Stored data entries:
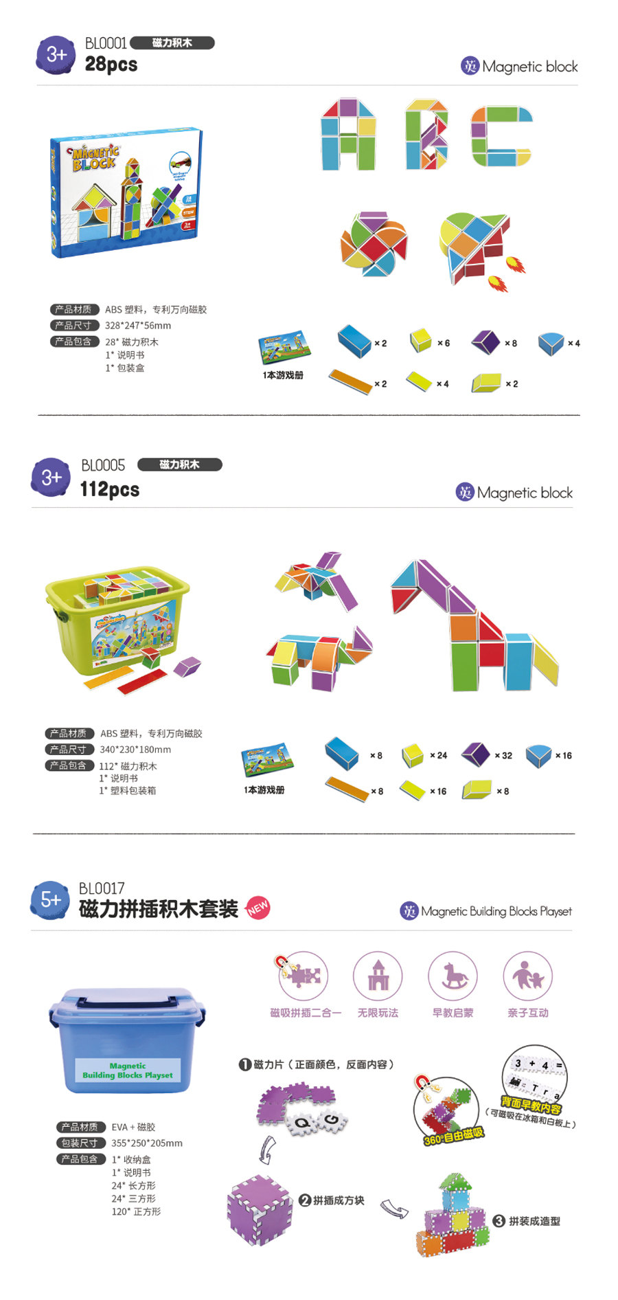 磁力積木是由我司專利萬向磁材質(zhì)制成,各個角度都可以相互吸附不挑正反面,易于拼搭。
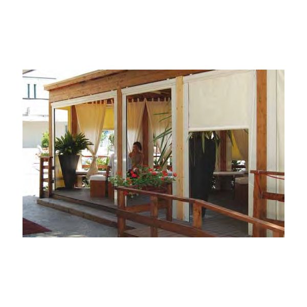 Tenda a caduta con guide laterali da fissare in nicchia, ottima per chiusure totali perchè non permette il passaggio di luce o aria.
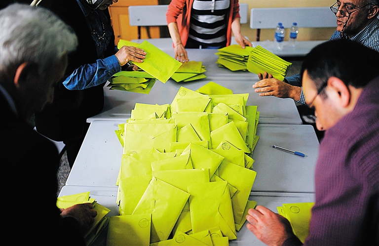 6月7日,在土耳其伊斯坦布尔,工作人员在清点选票。 初步统计结果显示,土耳其执政的正义与发展党(正发党)在7日的议会选举中获得41.45%的选票,领先于其他各党派,但由于议席暂不过半数,不能一党单独执政。
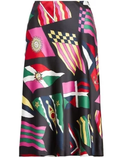 The silky hand of smooth satin and a calf-skirting silhouette give this skirt an effortless, elegant look. A nautical-inspired flag print updates it for the season.
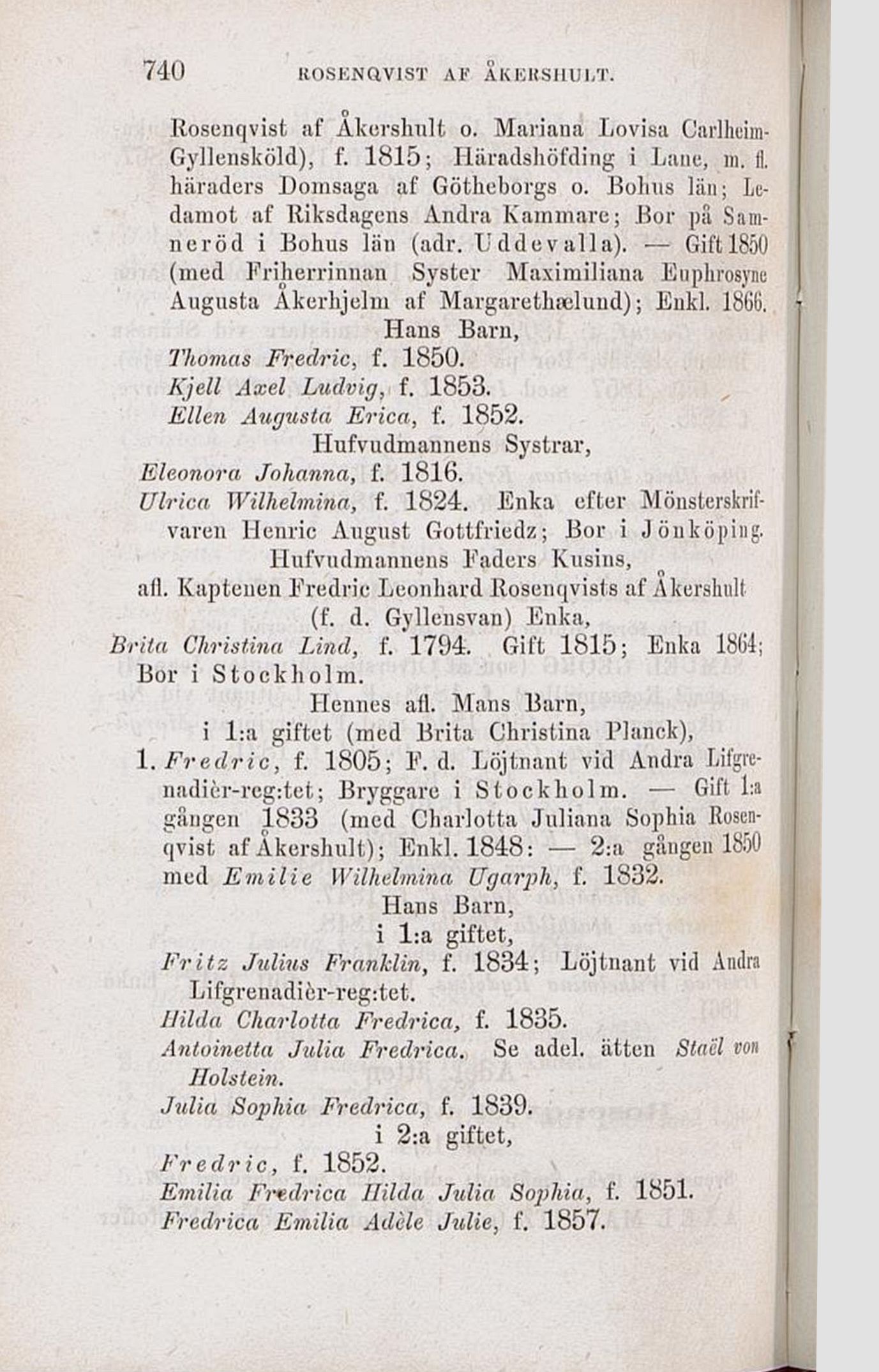 Rosenqvist af Äkershult); Enkl. 1848: — 2:a gången 1850

PROBLEM DESCRIPTION: Above are records with pictures. Reproduce exactly only the lines from the line with "Tenda a caduta" through the line with "The silky hand", both ends included, and leave the pictures out.

OUTPUT FOR THIS TASK:
 Tenda a caduta con guide laterali da fissare in nicchia, ottima per chiusure totali perchè non permette il passaggio di luce o aria.
 6月7日,在土耳其伊斯坦布尔,工作人员在清点选票。 初步统计结果显示,土耳其执政的正义与发展党(正发党)在7日的议会选举中获得41.45%的选票,领先于其他各党派,但由于议席暂不过半数,不能一党单独执政。
 The silky hand of smooth satin and a calf-skirting silhouette give this skirt an effortless, elegant look. A nautical-inspired flag print updates it for the season.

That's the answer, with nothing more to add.